Land Drainage Season in Full Flow
As the inclement summer of 2017 continues, the fields are gradually getting cleared by the combines to make way for the start to the next growing season and on some farms, – the installation of a new land drainage scheme!
The post harvest window is always a busy period for getting improvement projects completed and 2017 is no exception. Since the combines started rolling in early July, our teams have been hard at work completing ditch restoration and improvement projects as well as installing new land drains to replace old and defunct drainage schemes which are no longer delivering their potential – having been installed originally many decades ago.
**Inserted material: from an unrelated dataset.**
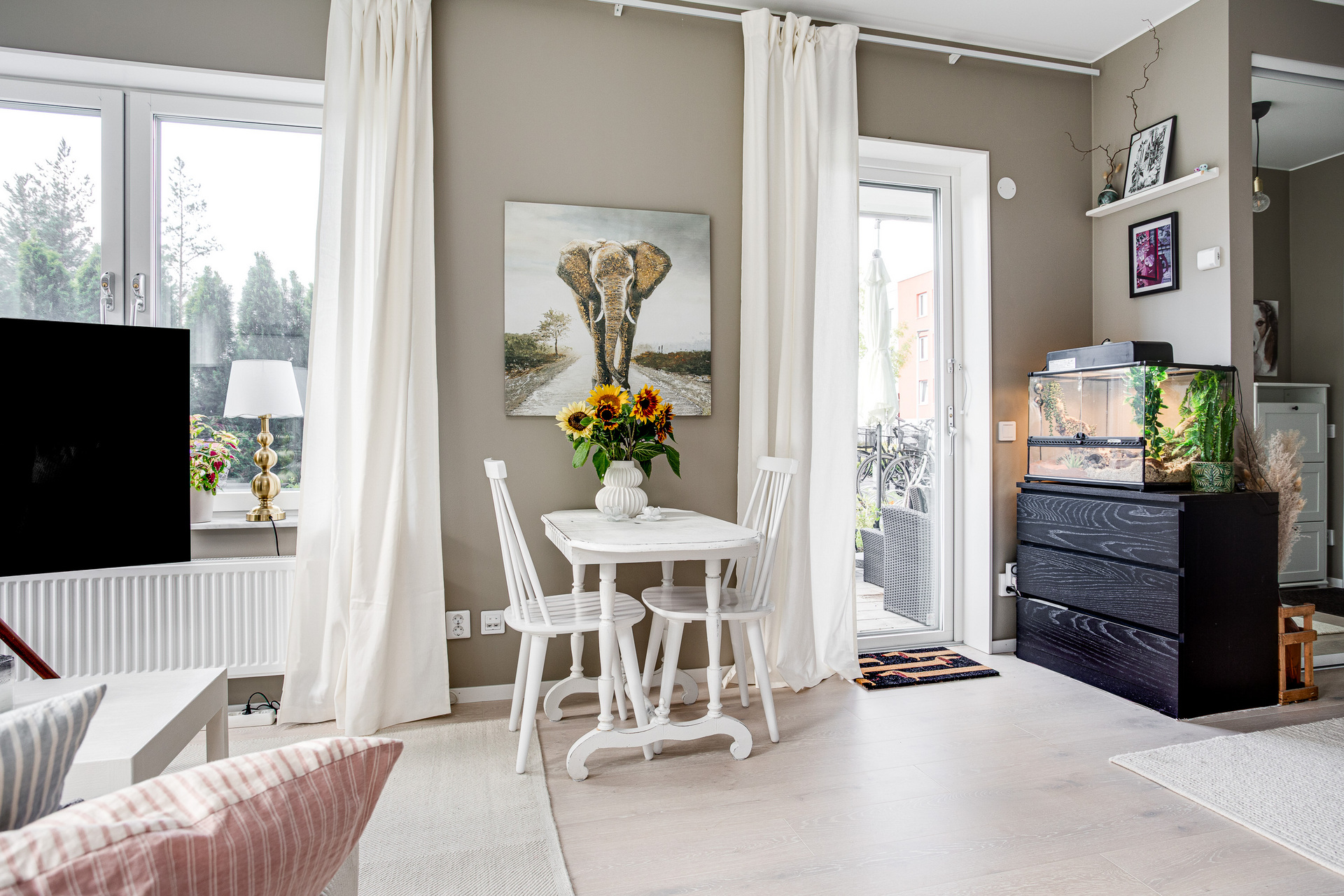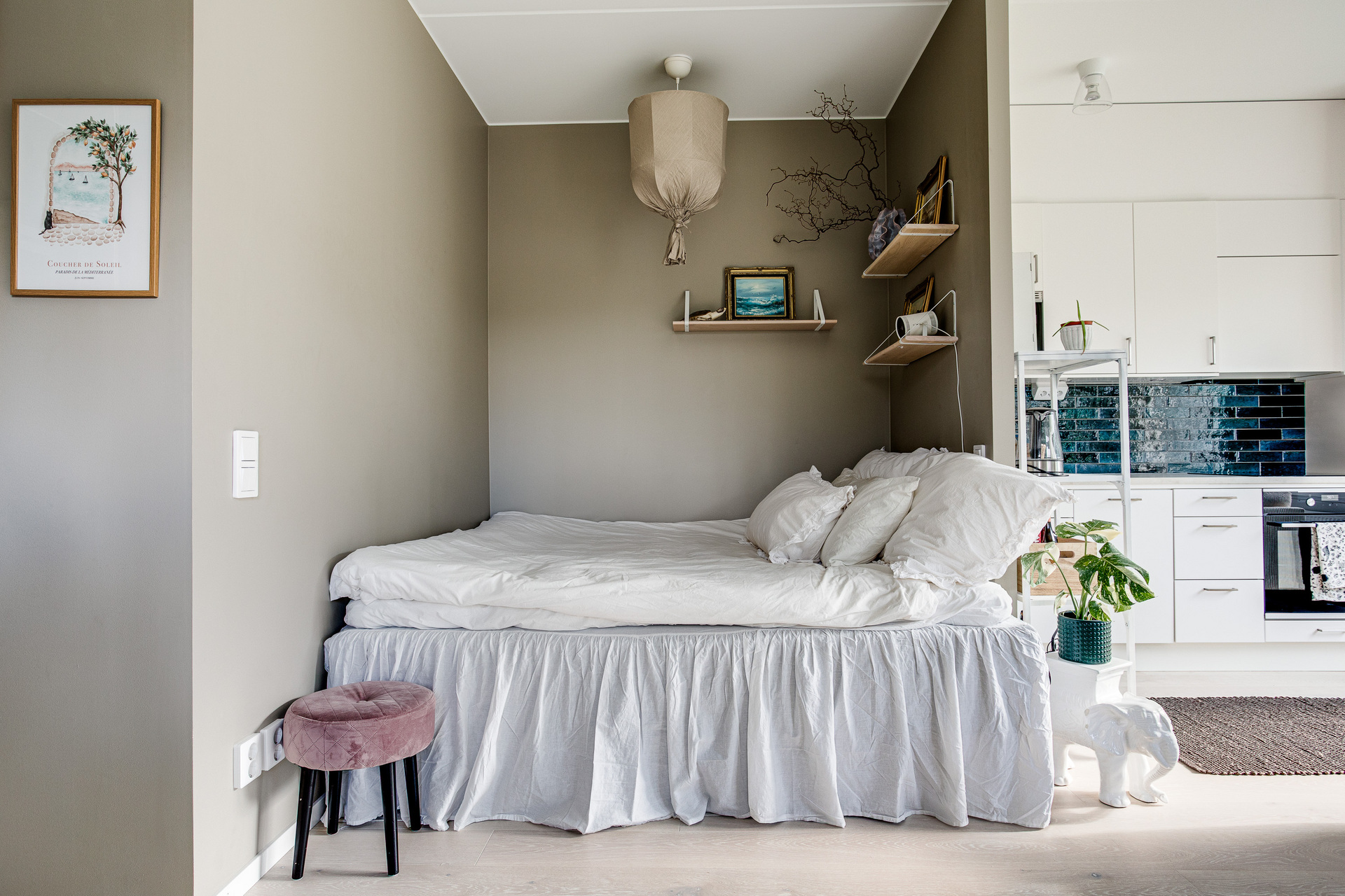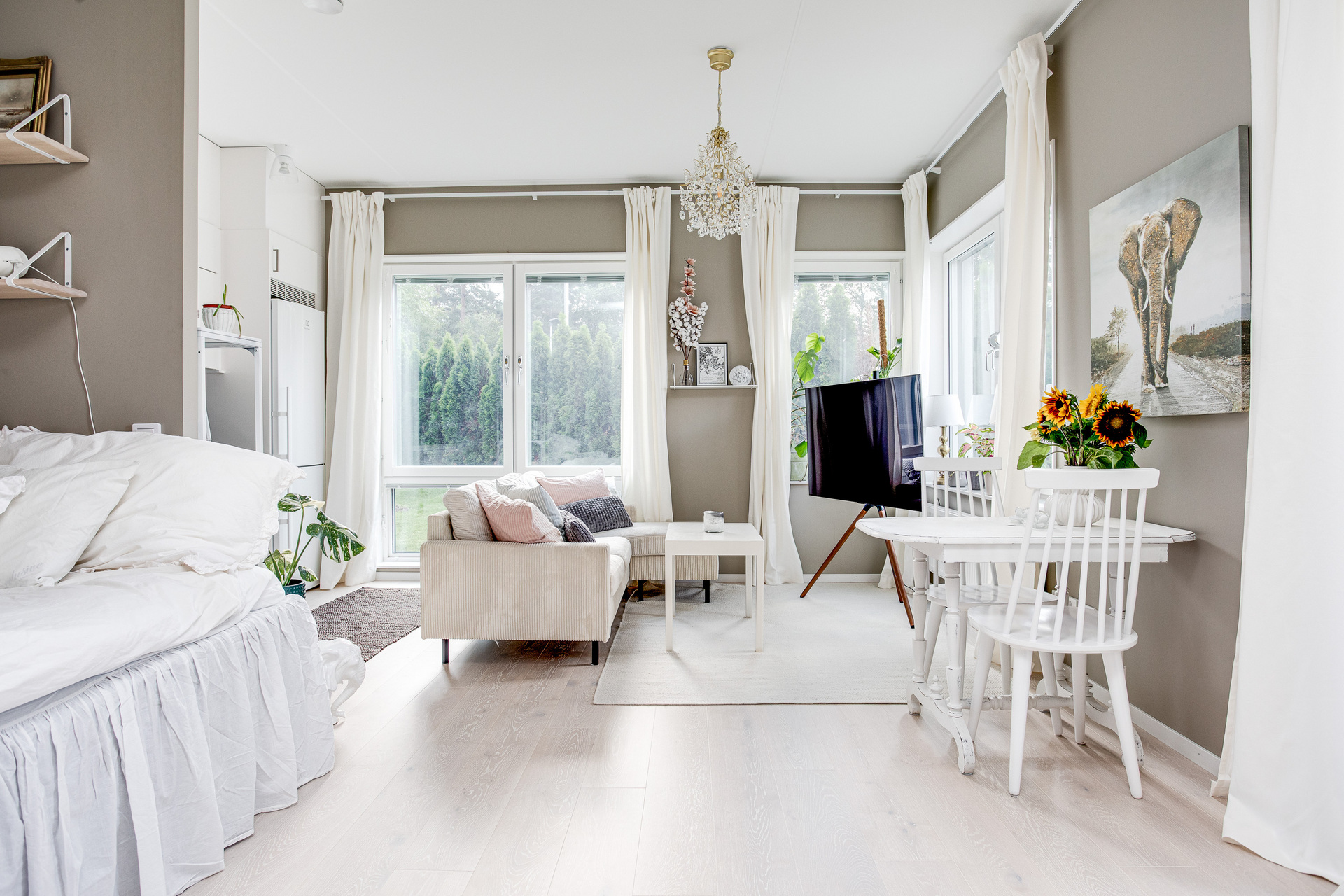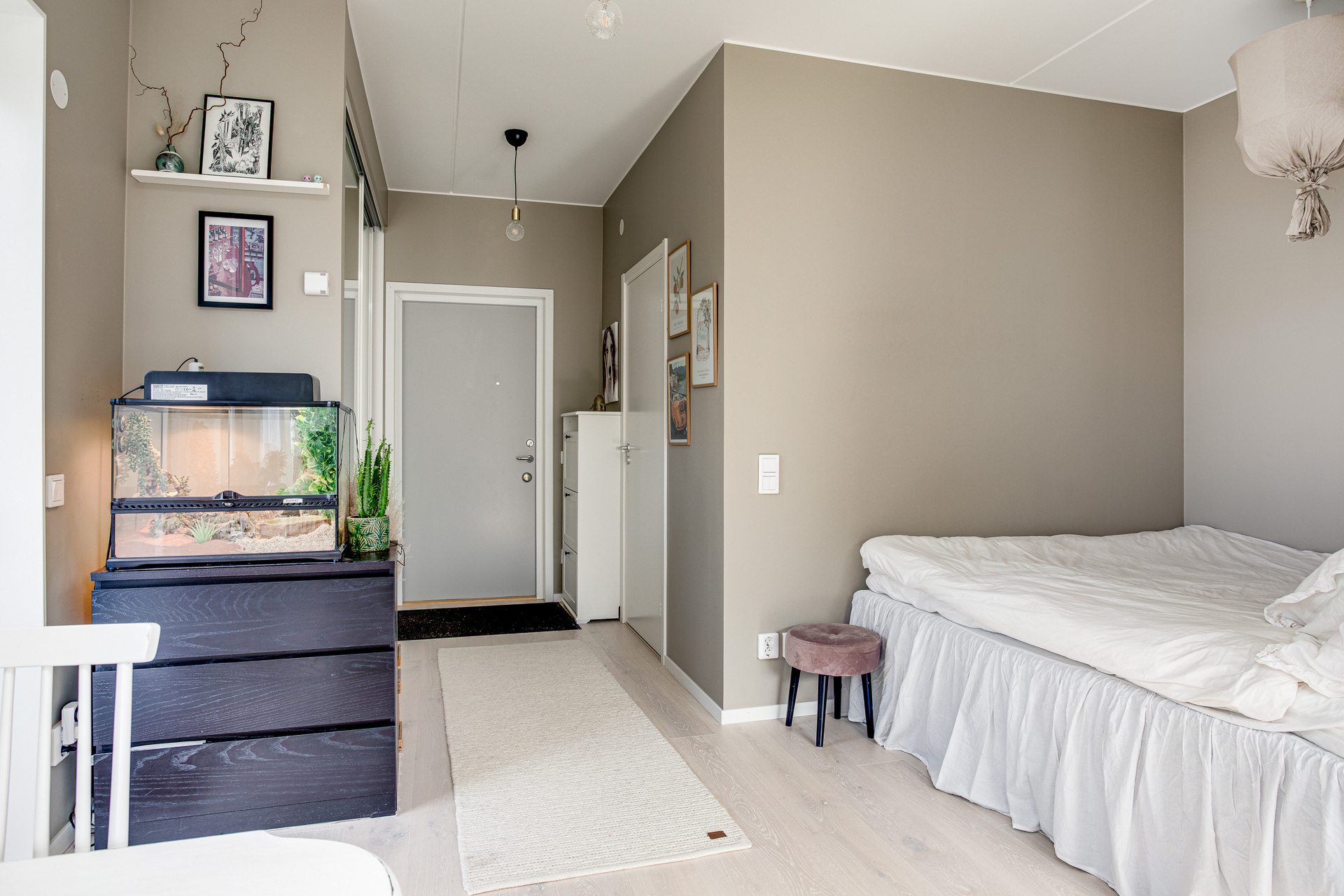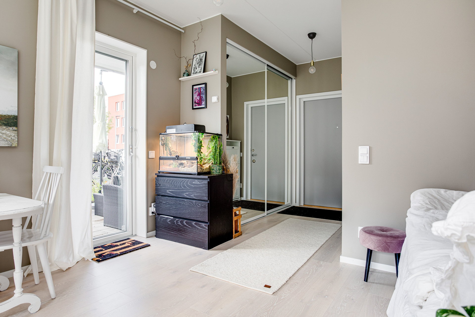 Ett ljust rum med generösa fönster åt två väderstreck, samt helglasad dörr till uteplatsen. Rummet kan möbleras med både soffa och matbord, här får man en härlig yta att umgås på. Sängen har en given plats i den praktiska sovalkoven, som har en något mörkare kulör av beige på väggarna.

Unusually for this time of year, the drains we are installing are running almost instantaneously as surplus water spills out of the land we are working within and rushes towards the ditch systems. Weeks of above average rainfall have meant that soils are at field capacity and crops are all too frequently being submerged in water logged soils.
We’ve got a diverse array of projects that we have been asked to do this summer on ground ranging from rolling clay soils renowned for their wheat growing capabilities to ultra flat fenland soils perhaps better known for the specialist salads and vegetable crops they produce.
The common theme to all of this investment in land drainage which is happening in the countryside this summer is to improve soil structures. In addition, it makes for creating easy to manage fields which can form part of bigger agricultural block cropping systems. Perhaps most importantly, it provides better conditions in which to release the full potential of the soils and in turn delivers improved long term yields for the crops that grow within the land.
Yield data is now providing real time feedback on the return on investment in land drainage with many farms showing a comparatively short amount of payback time before the investment is paid off. With ongoing uncertainty within UK agriculture stemming from Brexit and fluctuating global commodity prices, the solid investment opportunity that is available from investing in soil structures through providing better land drainage systems is a route that many progressive growers seem keen to explore.